A large cohort of patients around the world diagnosed with myelofibrosis (aka bone marrow cancer) will soon be able to access a new treatment which has already shown to be effective in a small group of patients undergoing treatment of PXS-5505 in Phase 2 clinical trials.

Myelofibrosis is a rare cancer of the bone marrow affecting 15 per 1 million people worldwide. The main driver of illness is fibrosis, or scar tissue buildup within the bone marrow, which in turn disrupts production of normal blood cells. Upon diagnosis, the average life expectancy is just five years, which emphasises the urgent need for new treatments. Many patients go on to develop acute myeloid leukaemia.

The good news for myelofibrosis patients comes following discussions between the drug’s developer – Pharmaxis (ASX: PXS), and the US Food & Drug Administration (FDA) after data was presented from the current Phase 2 trial which has dosed 21 patients. The MF-101 trial program has already reported encouraging interim data from 6 patients and attracted interest from institutional investors which purchased $10m in PXS shares via a private Placement in October 2022.

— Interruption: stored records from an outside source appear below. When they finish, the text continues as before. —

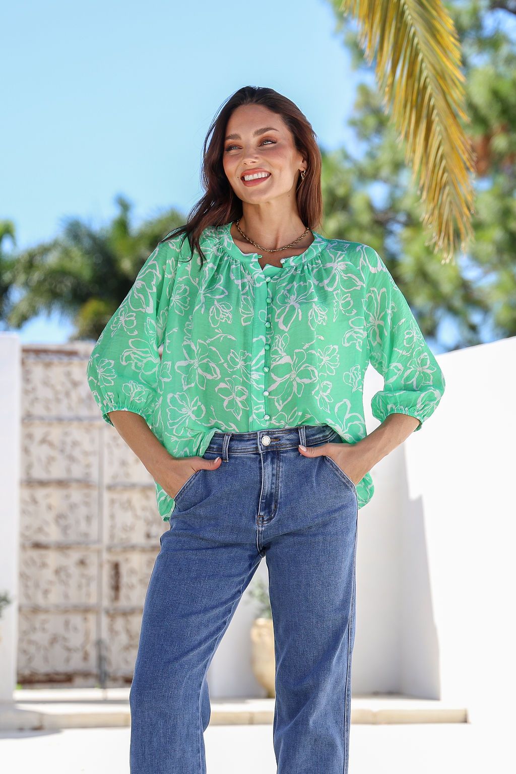 Light, airy, and effortlessly chic — the Batam Shirt is your go-to for balmy days and breezy nights. Crafted in a sheer, flowy fabric with a delicate floral print, it’s the kind of shirt that makes casual dressing feel instantly elevated. The relaxed silhouette drapes beautifully, while the button-up front and soft neckline keep it versatile — wear it loose over denim, tucked into a skirt, or layered as a beachside cover-up. Available in two dreamy hues — fresh green and romantic pink — Batam is made for women who love style that feels as good as it looks.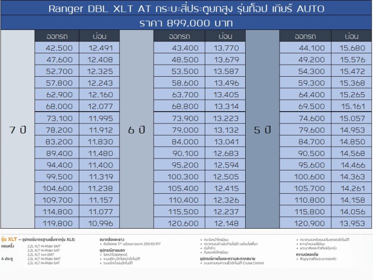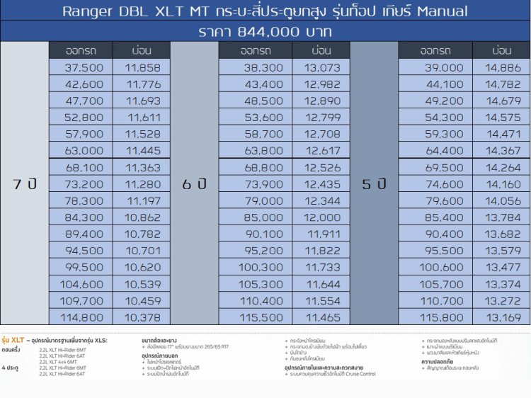 RANGER Double Cab XLT M/Tสี่ประตูยกสูงรุ่นท็อป เกียร์ Manual ราคา 844,000 บาท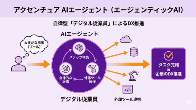 アクセンチュアが提供するAIエージェントは、近年注目されている「エージェンティックAI」の概念を具現化したものです。これは、人間からの大まかな指示(ゴール)に対し、それを達成するためのステップを自ら構築し、必要に応じて外部ツールを操作しながらタスクを完結させる自律型のシステムを指します。企業のデジタル変革(DX)を推進する上での「デジタル従業員」としての役割を担います。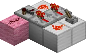 - Variations: The piston and block of redstone can be moved to the side of the dust, rather than on top of the dust, producing a flat 2-wide circuit.

After meeting with the FDA to discuss the pathway towards regulatory approval, Pharmaxis will submit a study design update which will create a new arm of the MF-101 trials where PXS-5505 will be offered to patients already receiving a JAK inhibitor – the current standard of care.

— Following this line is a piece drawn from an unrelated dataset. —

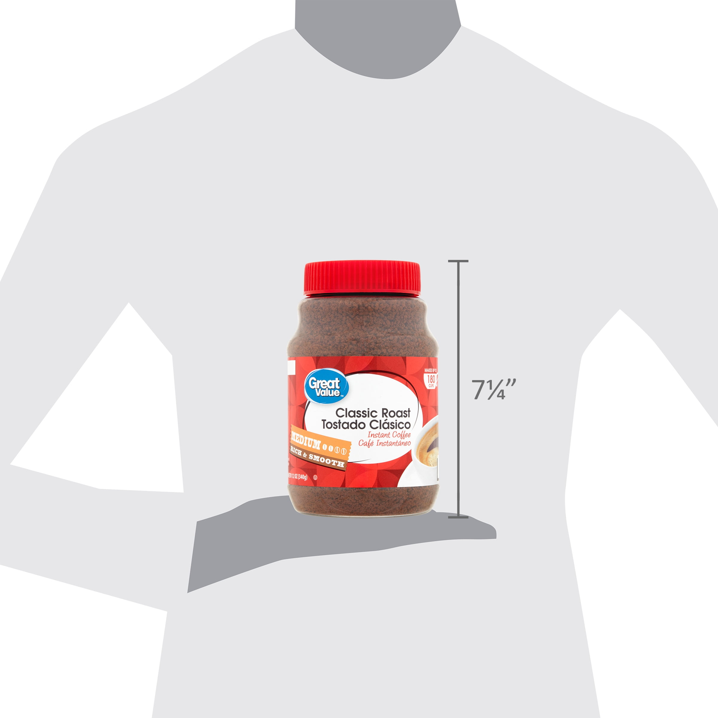 Save money by skipping the coffee shop and indulging in a cup of Great Value Medium Classic Roast Instant Coffee. The rich and smooth medium blend is instant and ideal for a single serving in a hurry. The suggested brewing instructions follow a simple ratio of one tablespoon of coffee per each 6-ounce cup. This blend is exceptional as an everyday indulgence and affordable enough to buy in bulk for the office. Whether you’re at home or work, the convenience of Great Value Medium Classic Roast Instant Coffee means you’ll have more time to spend on the things in life that matter most.

This new arm will be an extension of the current trial with the existing 21 patients receiving only PXS-5505 as a monotherapy over a 24-week treatment program. The drug has already been demonstrated to be well-tolerated and led to stable or improved conditions in those that have been dosed with PXS-5505 on its own.

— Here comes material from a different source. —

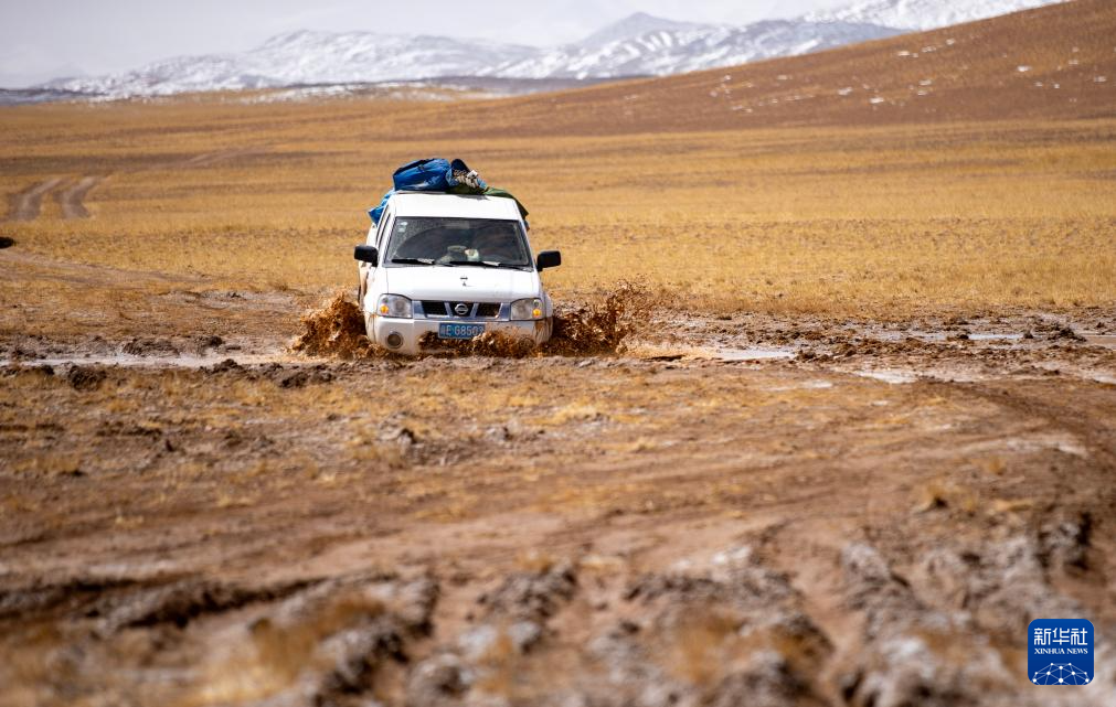 5月10日,野生動(dòng)物專(zhuān)業(yè)管護(hù)隊(duì)員的車(chē)子在巡護(hù)路上穿越泥濘路段。新華社記者 姜帆 攝

To now be offered to patients already on a treatment plan with the existing standard of care, Pharmaxis expects that the FDA feedback will open up PXS-5505 to many more patients around the world, to a drug that has the potential to modify the disease rather than just mask its symptoms.

Pharmaxis CEO, Gary Phillips said, “The agreement with the FDA to expand the patient population in the ongoing phase 2 study to include those patients currently on a JAK inhibitor is an important step forward in realising the benefits of lysyl oxidase inhibition for all myelofibrosis patients and in maximising the commercial opportunity for PXS-5505.

“We are already in discussion with the existing trial site investigators who have welcomed the opportunity to extend the patient population for the study and anticipate significantly accelerated recruitment.”

The study design will be submitted as a protocol amendment to global regulators, including the FDA, and Pharmaxis expects the treatment for patients in this combination arm to commence in the second half of 2023.

Based on the substantial advancement of PXS-5505 over the past two years and highly encouraging interim data recorded in its Phase 2 trials to treat bone marrow cancer and interest from researchers around the world, Pharmaxis will focus its immediate efforts on commercialising the drug. To facilitate this, the Company has elected to put its liver cancer trials in collaboration with the University of Rochester on hold to allocate resources towards PXS-5505 and its potential to modify blood cancer diseases like myelofibrosis and others where data to date has been highly encouraging and potentially life changing for patients.

The myelofibrosis treatment market is conservatively estimated at USD $1 billion per annum with no current product on the market that can modify the disease.

The increased allocation of resources to PXS-5505 in will have no impact on Pharmaxis’ anti-scarring trials led by Professor Fiona Wood which is scheduled to report trial data from PXS-6302 by June 2023.